Technical analysis is a method of analysing financial markets and investment opportunities based on historical price and volume data of assets, such as stocks, currencies, commodities, or cryptocurrencies. Unlike fundamental analysis, which focuses on assessing the intrinsic value of assets based on financial and economic factors, technical analysis relies solely on past market data and patterns to make predictions about future price movements.

Key Principles

Key principles and tools used in technical analysis include:

  1. Price Charts: Technical analysts use price charts, such as line charts, bar charts, and candlestick charts, to visualise the historical price movements of an asset over a given time period.
  2. Trends: Technical analysts look for trends in price movements, which can be upward (bullish), downward (bearish), or sideways (range-bound). Trends can help identify the overall direction of the market.
  3. Support and Resistance Levels: Support levels are price levels where the asset's price tends to find support and reverse its downward trend. Resistance levels are price levels where the asset's price tends to face selling pressure and reverse its upward trend.
  4. Moving Averages: Moving averages are used to smooth out price data and identify trends by calculating the average price over a specific period. Common moving averages include the simple moving average (SMA) and the exponential moving average (EMA).
  5. Technical Indicators: Technical analysts use various mathematical calculations and indicators, such as Relative Strength Index (RSI), Moving Average Convergence Divergence (MACD), Stochastic Oscillator, and Bollinger Bands, to generate signals for potential buy or sell opportunities.
  6. Chart Patterns: Technical analysts look for recognisable chart patterns, such as head and shoulders, double tops and bottoms, triangles, and flags, which can provide insights into future price movements.

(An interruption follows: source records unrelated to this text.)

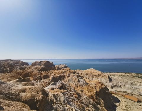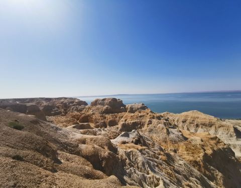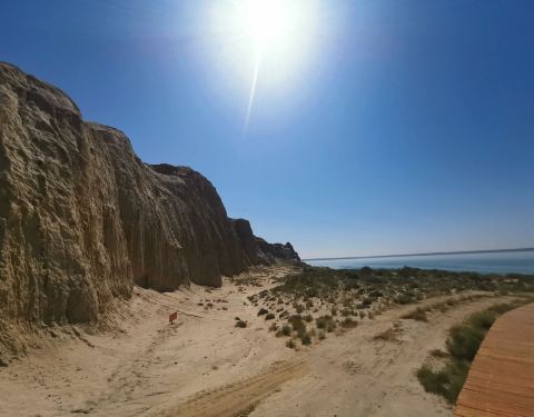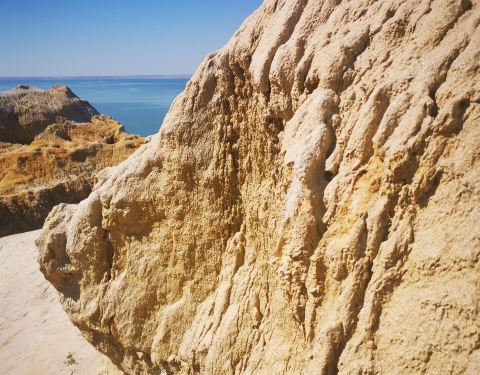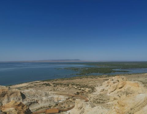 ...悬崖,悬崖上有燕欧的巢,悬崖下就是乌伦古海,这里是鸟儿的栖息地,感觉上比克拉玛依的魔鬼城有生气
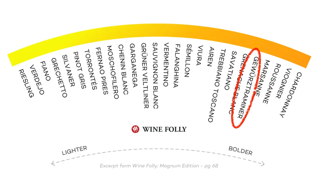 사람들의 생각과는 달리 게뷔르츠트라미너는 음식과 아주 궁합이 좋아요. 매콤한 음식과도, 커리 같이 풍미가 센 것도 좋죠.
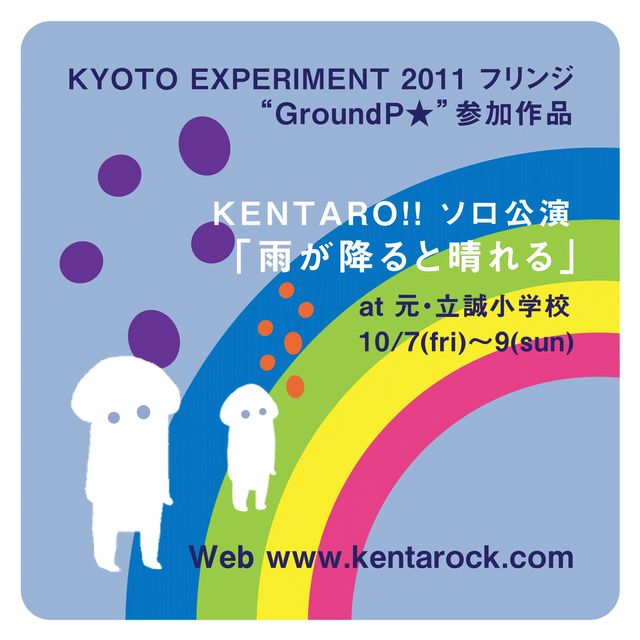 KENTARO!! 『雨が降ると晴れる/小学校バージョン』 ダンス・振付・音楽 KENTARO!! 公演日時 10/7(金)20:15* 10/8(土)14:30/19:00 10/9(日)17:00/20:15 チケット料金 一般2300円 学生2000円 リピーター1000円 (前売/当日共) チケット取扱 Crackers boat Web http://www.crackersboat.com/ E-mail info@crackersboat.com TEL 090-3585-7507(クラッカーズボート/公演期間中のみ) 作品解説 今日も良い天気だと思っていたら、雨が降ってきた。 でも「そんなのが人生なんだ」って思ったりす
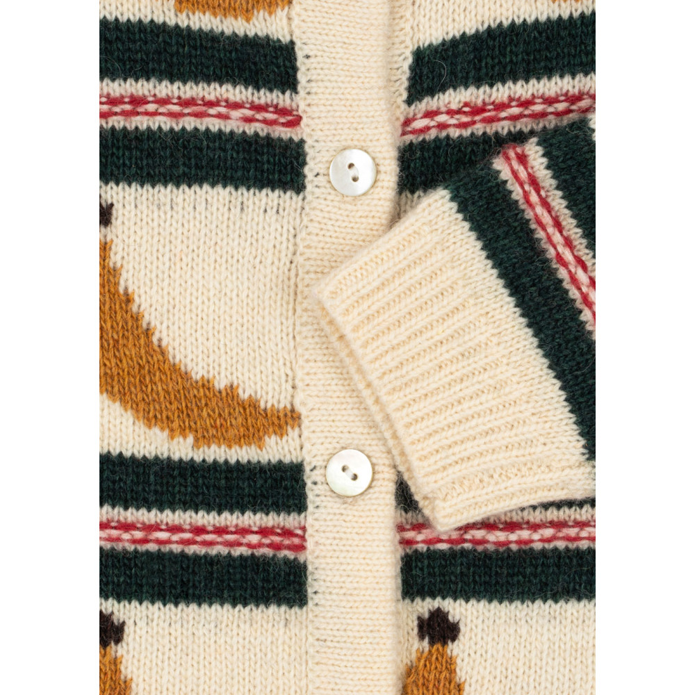 Теплий в'язаний кардиган з пухкої суміші вовни. Класичний дизайн з круглим вирізом, ребристими краями та перламутровими ґудзиками спереду.
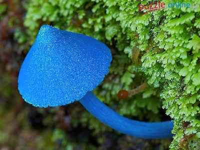 Puzzle Zielona, Niebieski, Grzybek, Roślinka

The underlying idea behind technical analysis is that historical price patterns tend to repeat themselves and that market participants' behaviour can be analysed to predict future price movements. Technical analysts believe that by studying these price patterns and indicators, they can identify entry and exit points for trading positions, as well as potential support and resistance levels.

In Summary

Critics of technical analysis argue that it relies on subjective interpretations and historical data that may not accurately predict future price movements. They believe that fundamental analysis, which assesses the intrinsic value of assets, provides a more robust and comprehensive approach to investment decision-making. As with any investment strategy, it's essential for investors to understand the strengths and limitations of technical analysis and consider using it in combination with other analytical methods to make informed investment decisions.